Le docteur, qui avait écouté avec attention, hocha la tête.

— Tu as raison… tout est bien ainsi.

Et il ajouta, légèrement ironique :

— Heureusement même que vous n’avez connu la gravité de votre faute qu’après l’avoir commise.

Stéphane le regarda. Se moquait-il de lui ? Le docteur lui dit en souriant :

— Non, je ne plaisante pas.
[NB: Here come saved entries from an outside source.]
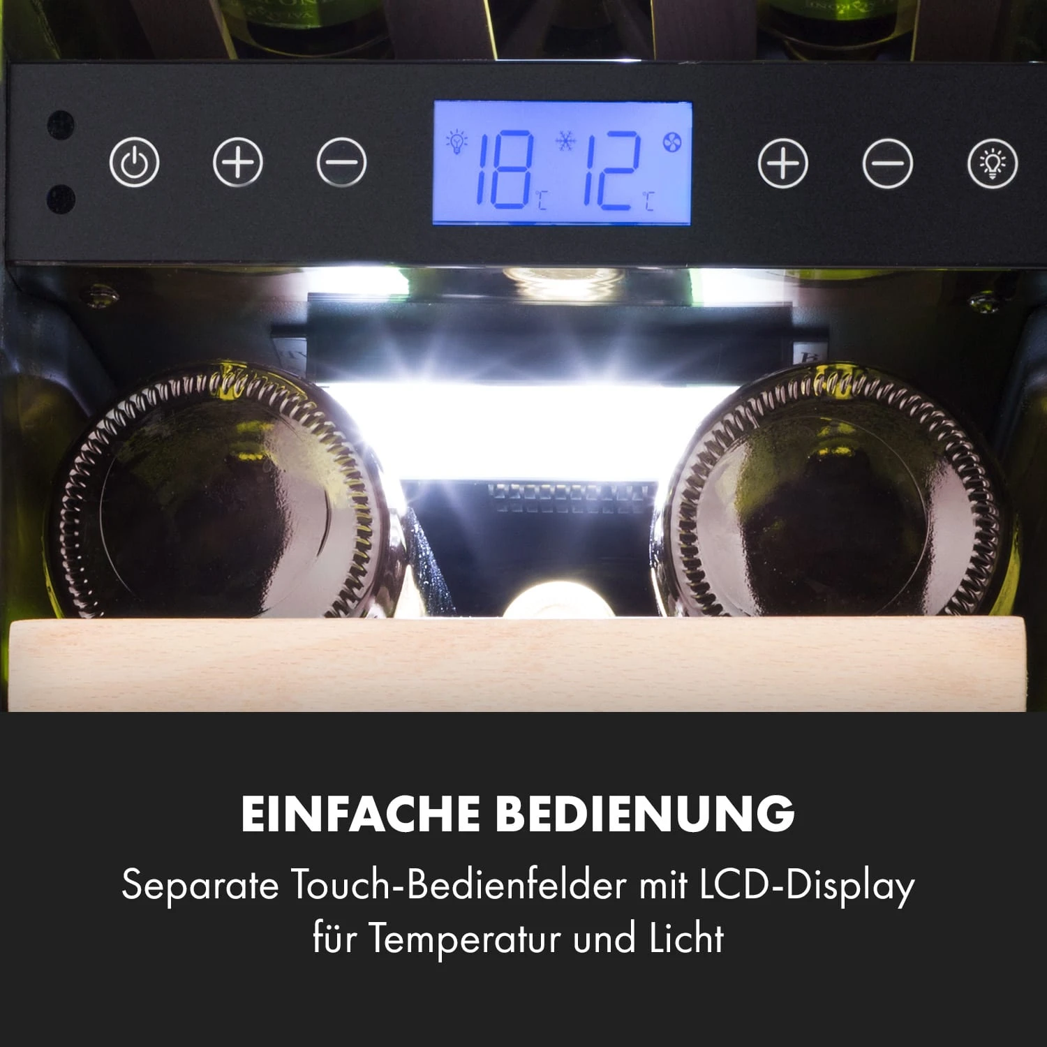 Edles Design und farbige Präsentation: Der Klarstein Vinovilla 17 Built-In Duo Doppelzonen-Weinkühlschrank passt dank Slim-Design in nahezu jede Lücke! Seine zwei Zonen kannst du separat temperieren, was dir eine zeitgleiche Kühlung und Lagerung von Rot- und Weißweinen ermöglicht. Aber auch Champagner, Schaumweine, Sekt oder andere delikate Tropfen lagern im Weintemperierer langfristig optimal. Neben besten Lager- und Kühlungsverhältnissen bietet er deiner Weinsammlung eine extravagante Bühne: Hinter Glas präsentieren sich die Flaschen wunderbar – rot, blau oder weiß beleuchtet.
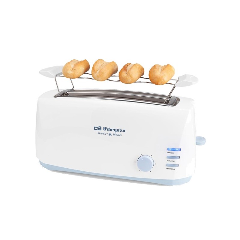 Potência: 1400 W. Desligamento automático. 2 ranhuras longas para 4 fatias. Função de descongelação. Função de reaquecimento. Função de parada rápida. Bandeja de migalhas. Aquecedor de pão incluído. 6 configurações de torradas. Armazenamento do cabo. Conexão: 230 V ~ 50 Hz
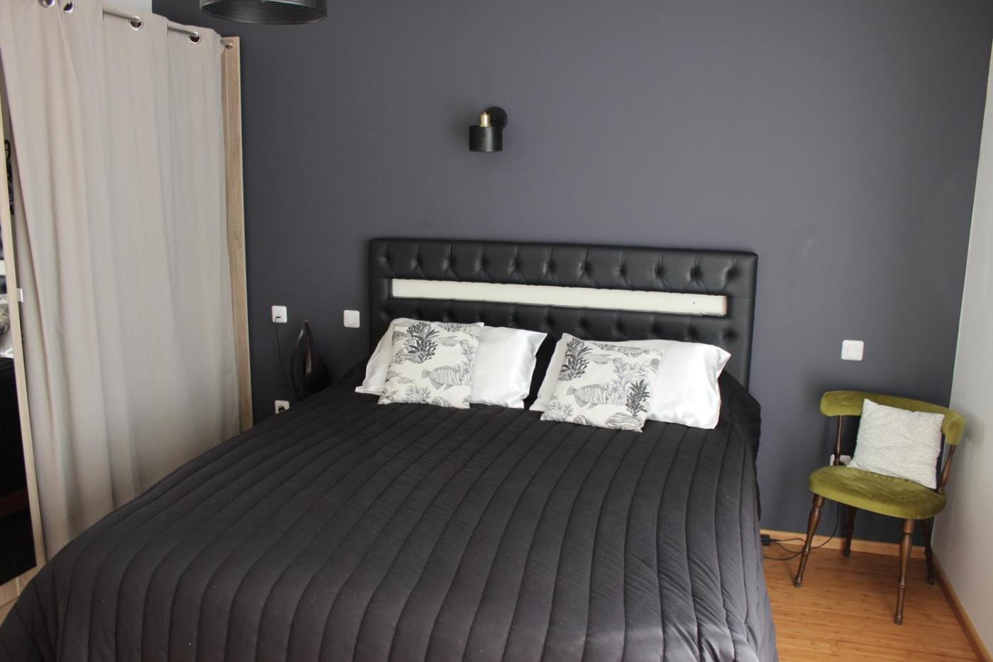 Double Room with Private Bathroom. This double room has a kitchenware, private entrance and garden view. The bedroom is located on the ground floor, private bathroom with wc. Towels and sheets provided, Wi-Fi In a new house, a quiet street. The sea at 850 m, access by the forest on foot, by bike or by car. Pets are prohibited there. We offer breakfast, €7 per person, between 8.45 am and 9.45 am, on request the day before. No food in the room
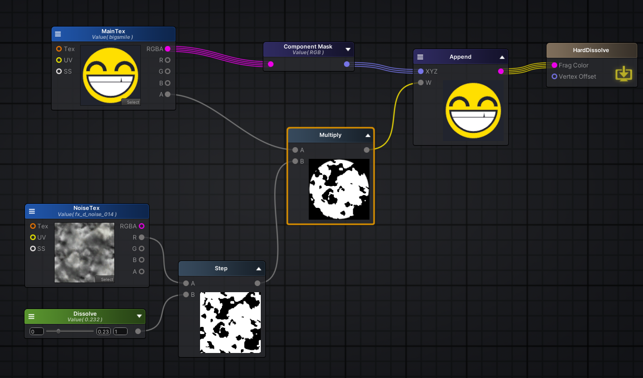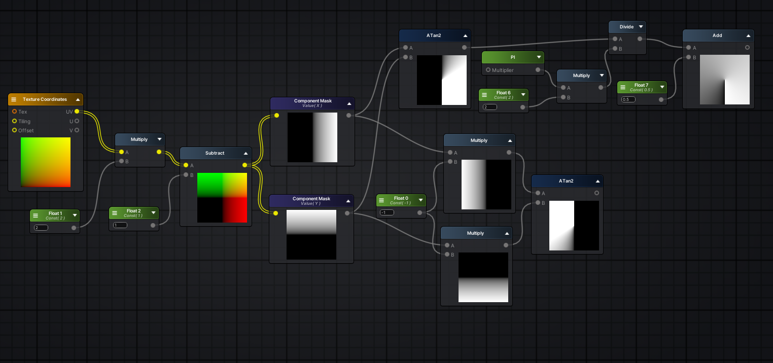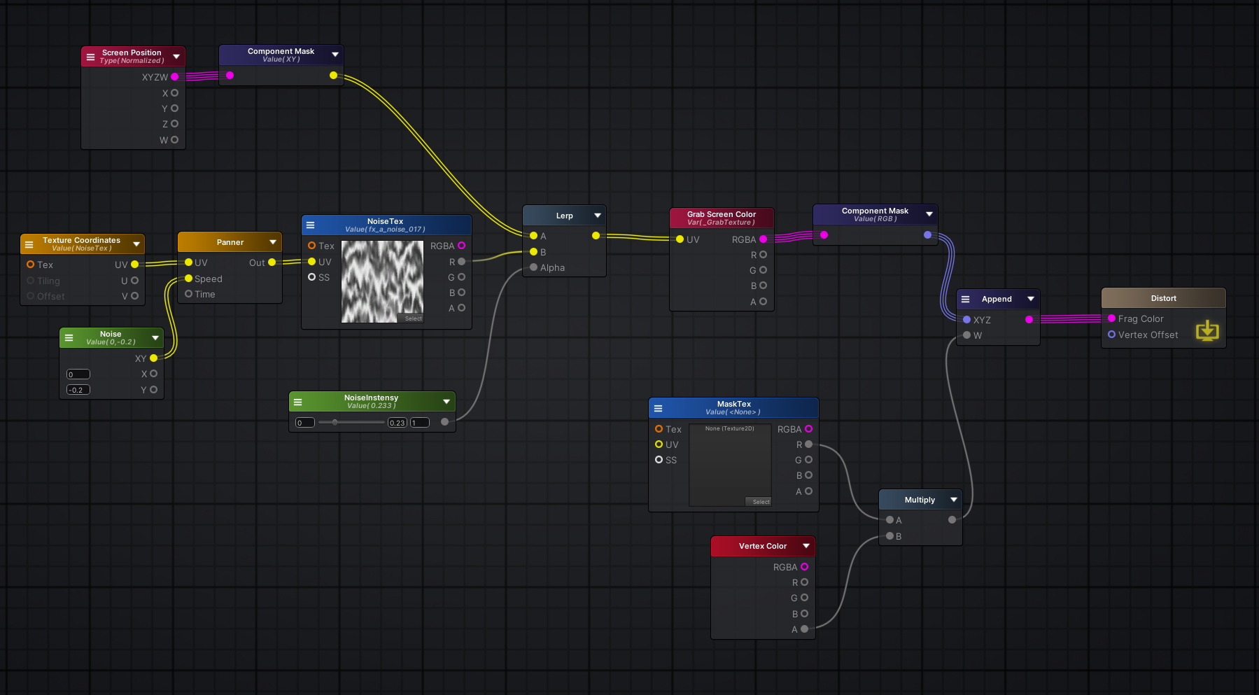 #ifdef ASE_NEEDS_FRAG_WORLD_POSITION o.worldPos = mul(unity_ObjectToWorld, v.vertex).xyz; #endif return o; } float4 frag (v2f i ) : SV_Target { UNITY_SETUP_INSTANCE_ID(i); UNITY_SETUP_STEREO_EYE_INDEX_POST_VERTEX(i); float4 finalColor; #ifdef ASE_NEEDS_FRAG_WORLD_POSITION float3 WorldPosition = i.worldPos; #endif float mulTime18 = _Time.y * _TimeScaleOffset.x; float2 appendResult16 = (float2(_Speed.x , _Speed.y)); float4 screenPos = i.ase_texcoord1; float4 ase_screenPosNorm = screenPos / screenPos.w; ase_screenPosNorm.z = ( UNITY_NEAR_CLIP_VALUE >= 0 ) ? ase_screenPosNorm.z : ase_screenPosNorm.z * 0.5 + 0.5; float2 appendResult9 = (float2(ase_screenPosNorm.x , ase_screenPosNorm.y)); float2 appendResult35 = (float2(ase_screenPosNorm.x , ase_screenPosNorm.y)); float2 temp_output_36_0 = (appendResult35*2.0 + -1.0); float2 break43 = temp_output_36_0; float2 appendResult46 = (float2(length( temp_output_36_0 ) , (0.0 + (atan2( break43.y , break43.x ) - 0.0) * (1.0 - 0.0) / (UNITY_PI - 0.0)))); float2 lerpResult48 = lerp( appendResult9 , appendResult46 , _toggleUV); float2 appendResult13 = (float2(_TillingOffset.x , _TillingOffset.y)); float2 appendResult14 = (float2(_TillingOffset.z , _TillingOffset.w)); float2 panner10 = ( ( mulTime18 + _TimeScaleOffset.y ) * appendResult16 + (lerpResult48*appendResult13 + appendResult14)); float4 tex2DNode1 = tex2D( _MainTex, panner10 ); float2 appendResult33 = (float2(_MaskTillingOffset.x , _MaskTillingOffset.y)); float2 appendResult32 = (float2(_MaskTillingOffset.z , _MaskTillingOffset.w)); float4 appendResult5 = (float4(( tex2DNode1 * _Color * _Scale * i.ase_color ).rgb , ( _Alpha * ( ( tex2DNode1.r * _RGBA_Mask.x ) + ( tex2DNode1.g * _RGBA_Mask.y ) + ( tex2DNode1.b * _RGBA_Mask.z ) + ( tex2DNode1.a * _RGBA_Mask.w ) ) * ( tex2D( _Mask, (appendResult9*appendResult33 + appendResult32) ) * _MaskScale ) ).r)); finalColor = appendResult5; return finalColor; } ENDCG } } CustomEditor "ASEMaterialInspector" Fallback Off } /*ASEBEGIN Version=19302 Node;AmplifyShaderEditor.ScreenPosInputsNode;8;-3424.466,-503.7861;Float;False;0;False;0;5;FLOAT4;0;FLOAT;1;FLOAT;2;FLOAT;3;FLOAT;4 Node;AmplifyShaderEditor.DynamicAppendNode;35;-3189.624,-261.7405;Inherit;True;FLOAT2;4;0;FLOAT;0;False;1;FLOAT;0;False;2;FLOAT;0;False;3;FLOAT;0;False;1;FLOAT2;0 Node;AmplifyShaderEditor.ScaleAndOffsetNode;36;-2867.845,-257.2079;Inherit;True;3;0;FLOAT2;0,0;False;1;FLOAT;2;False;2;FLOAT;-1;False;1;FLOAT2;0 Node;AmplifyShaderEditor.BreakToComponentsNode;43;-2595.251,77.86584;Inherit;False;FLOAT2;1;0;FLOAT2;0,0;False;16;FLOAT;0;FLOAT;1;FLOAT;2;FLOAT;3;FLOAT;4;FLOAT;5;FLOAT;6;FLOAT;7;FLOAT;8;FLOAT;9;FLOAT;10;FLOAT;11;FLOAT;12;FLOAT;13;FLOAT;14;FLOAT;15 Node;AmplifyShaderEditor.PiNode;55;-2457.88,369.1848;Inherit;False;1;0;FLOAT;1;False;1;FLOAT;0 Node;AmplifyShaderEditor.ATan2OpNode;44;-2421.251,83.86584;Inherit;True;2;0;FLOAT;0;False;1;FLOAT;0;False;1;FLOAT;0 Node;AmplifyShaderEditor.LengthOpNode;37;-2464.544,-243.7079;Inherit;True;1;0;FLOAT2;0,0;False;1;FLOAT;0 Node;AmplifyShaderEditor.TFHCRemapNode;45;-2168.252,115.8658;Inherit;False;5;0;FLOAT;0;False;1;FLOAT;0;False;2;FLOAT;3.141593;False;3;FLOAT;0;False;4;FLOAT;1;False;1;FLOAT;0 Node;AmplifyShaderEditor.Vector4Node;12;-1617.439,-203.2669;Inherit;False;Property;_TillingOffset;TillingOffset;6;0;Create;True;0;0;0;False;0;False;1,1,0,0;1,1,0,0;0;5;FLOAT4;0;FLOAT;1;FLOAT;2;FLOAT;3;FLOAT;4 Node;AmplifyShaderEditor.Vector2Node;51;-1485.661,136.278;Inherit;False;Property;_TimeScaleOffset;TimeScaleOffset;11;0;Create;True;0;0;0;False;0;False;1,1;1,0;0;3;FLOAT2;0;FLOAT;1;FLOAT;2 Node;AmplifyShaderEditor.DynamicAppendNode;9;-1480.383,-443.9041;Inherit;False;FLOAT2;4;0;FLOAT;0;False;1;FLOAT;0;False;2;FLOAT;0;False;3;FLOAT;0;False;1;FLOAT2;0 Node;AmplifyShaderEditor.RangedFloatNode;49;-1707.343,-335.0562;Inherit;False;Property;_toggleUV;主贴图UV是否极坐标;0;1;[Enum];Create;False;0;2;Off;0;On;1;0;False;0;False;1;1;0;0;0;1;FLOAT;0 Node;AmplifyShaderEditor.DynamicAppendNode;46;-1975.829,-150.7183;Inherit;True;FLOAT2;4;0;FLOAT;0;False;1;FLOAT;0;False;2;FLOAT;0;False;3;FLOAT;0;False;1;FLOAT2;0 Node;AmplifyShaderEditor.DynamicAppendNode;14;-1396.439,-113.2668;Inherit;False;FLOAT2;4;0;FLOAT;0;False;1;FLOAT;0;False;2;FLOAT;0;False;3;FLOAT;0;False;1;FLOAT2;0 Node;AmplifyShaderEditor.DynamicAppendNode;13;-1397.439,-206.2669;Inherit;False;FLOAT2;4;0;FLOAT;0;False;1;FLOAT;0;False;2;FLOAT;0;False;3;FLOAT;0;False;1;FLOAT2;0 Node;AmplifyShaderEditor.Vector2Node;50;-1441.661,10.27795;Inherit;False;Property;_Speed;Speed;10;0;Create;True;0;0;0;False;0;False;1,1;1,1;0;3;FLOAT2;0;FLOAT;1;FLOAT;2 Node;AmplifyShaderEditor.SimpleTimeNode;18;-1134.07,126.9291;Inherit;False;1;0;FLOAT;1;False;1;FLOAT;0 Node;AmplifyShaderEditor.LerpOp;48;-1222.343,-422.0562;Inherit;False;3;0;FLOAT2;0,0;False;1;FLOAT2;0,0;False;2;FLOAT;0;False;1;FLOAT2;0 Node;AmplifyShaderEditor.DynamicAppendNode;16;-1125.502,2.695892;Inherit;False;FLOAT2;4;0;FLOAT;0;False;1;FLOAT;0;False;2;FLOAT;0;False;3;FLOAT;0;False;1;FLOAT2;0 Node;AmplifyShaderEditor.Vector4Node;31;-1095.063,854.8722;Inherit;False;Property;_MaskTillingOffset;MaskTillingOffset;7;0;Create;True;0;0;0;False;0;False;1,1,0,0;1,1,0,0;0;5;FLOAT4;0;FLOAT;1;FLOAT;2;FLOAT;3;FLOAT;4 Node;AmplifyShaderEditor.SimpleAddOpNode;19;-939.0702,162.9291;Inherit;False;2;2;0;FLOAT;0;False;1;FLOAT;0;False;1;FLOAT;0 Node;AmplifyShaderEditor.ScaleAndOffsetNode;11;-1133.439,-234.267;Inherit;False;3;0;FLOAT2;0,0;False;1;FLOAT2;1,0;False;2;FLOAT2;0,0;False;1;FLOAT2;0 Node;AmplifyShaderEditor.DynamicAppendNode;32;-874.064,944.8725;Inherit;False;FLOAT2;4;0;FLOAT;0;False;1;FLOAT;0;False;2;FLOAT;0;False;3;FLOAT;0;False;1;FLOAT2;0 Node;AmplifyShaderEditor.DynamicAppendNode;33;-875.064,851.8722;Inherit;False;FLOAT2;4;0;FLOAT;0;False;1;FLOAT;0;False;2;FLOAT;0;False;3;FLOAT;0;False;1;FLOAT2;0 Node;AmplifyShaderEditor.PannerNode;10;-816.4438,-101.9479;Inherit;False;3;0;FLOAT2;0,0;False;2;FLOAT2;0,0;False;1;FLOAT;1;False;1;FLOAT2;0 Node;AmplifyShaderEditor.SamplerNode;1;-61

Mais que veux-tu, mon petit ? Le vieux sceptique que je suis n’attache pas autant d’importance que toi à ce qui s’est passé. Vous n’êtes responsable de rien. L’acte commis, en l’occurrence, n’est infâme que s’il est volontaire. Mais, là, ce sont les circonstances, aidées par Zoris et par Irène qui ont agi. Alors, pourquoi dramatiser ?… Il n’y a qu’un seul dénouement qui soit tragique, c’est la mort. Flavie n’est pas morte. Véronique non plus, et toi non plus. Reste l’avenir. Qu’as-tu décidé ?

— Séphora et moi nous avons vu le notaire de Zoris, à Marseille. Je rachète les hypothèques, ainsi que deux ou trois diamants que Séphora a pu garder, ce qui permettra aux sœurs d’Esmiane de vivre tranquilles un an ou deux ; d’ici là, Séphora espère convaincre Flavie d’accepter le legs de Guillaume Bréhange.

— Et toi, que vas-tu devenir ?

— J’ai des projets de voyage en Algérie et au Maroc. Je pense beaucoup à une étude sur les antiquités romaines dans l’Afrique du Nord.